» WORK INSTRUCTIONS: Copy the lines below exactly, starting at the one with "另外,書桌、柜體和床頭整體相連的設計,能合理規劃布局。" and ending at the one with "Террасная доска также", and leave out any picture.

» GIVEN RECORDS:
--- START ---

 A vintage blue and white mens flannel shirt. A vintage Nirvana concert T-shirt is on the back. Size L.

--- END ---
--- START ---

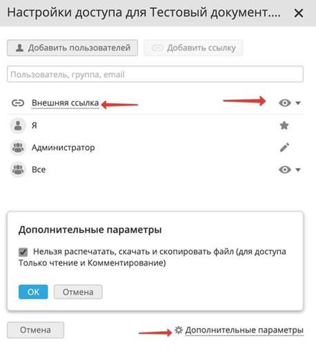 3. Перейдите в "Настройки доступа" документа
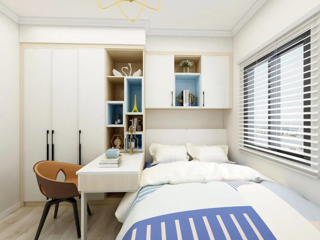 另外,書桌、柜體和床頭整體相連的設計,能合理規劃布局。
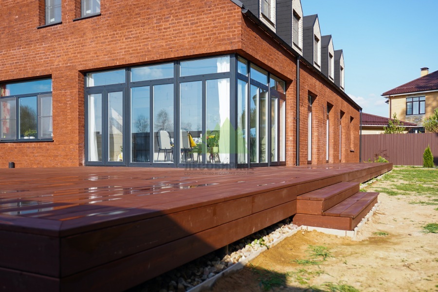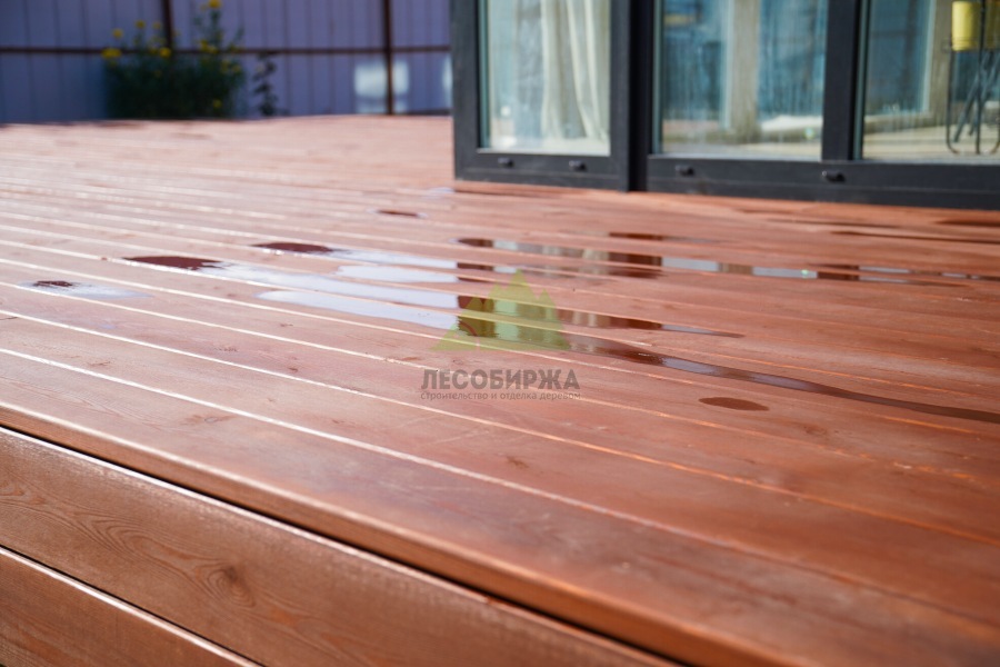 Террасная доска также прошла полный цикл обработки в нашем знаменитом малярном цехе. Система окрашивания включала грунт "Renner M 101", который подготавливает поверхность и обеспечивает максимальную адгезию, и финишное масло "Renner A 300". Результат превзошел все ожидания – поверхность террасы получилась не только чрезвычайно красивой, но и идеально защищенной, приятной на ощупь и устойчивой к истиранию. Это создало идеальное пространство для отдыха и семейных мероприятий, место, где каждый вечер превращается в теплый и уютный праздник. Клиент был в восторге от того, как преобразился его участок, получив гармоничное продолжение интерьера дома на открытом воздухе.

--- END ---

» EXERCISE OUTPUT:
 另外,書桌、柜體和床頭整體相連的設計,能合理規劃布局。
 Террасная доска также прошла полный цикл обработки в нашем знаменитом малярном цехе. Система окрашивания включала грунт "Renner M 101", который подготавливает поверхность и обеспечивает максимальную адгезию, и финишное масло "Renner A 300". Результат превзошел все ожидания – поверхность террасы получилась не только чрезвычайно красивой, но и идеально защищенной, приятной на ощупь и устойчивой к истиранию. Это создало идеальное пространство для отдыха и семейных мероприятий, место, где каждый вечер превращается в теплый и уютный праздник. Клиент был в восторге от того, как преобразился его участок, получив гармоничное продолжение интерьера дома на открытом воздухе.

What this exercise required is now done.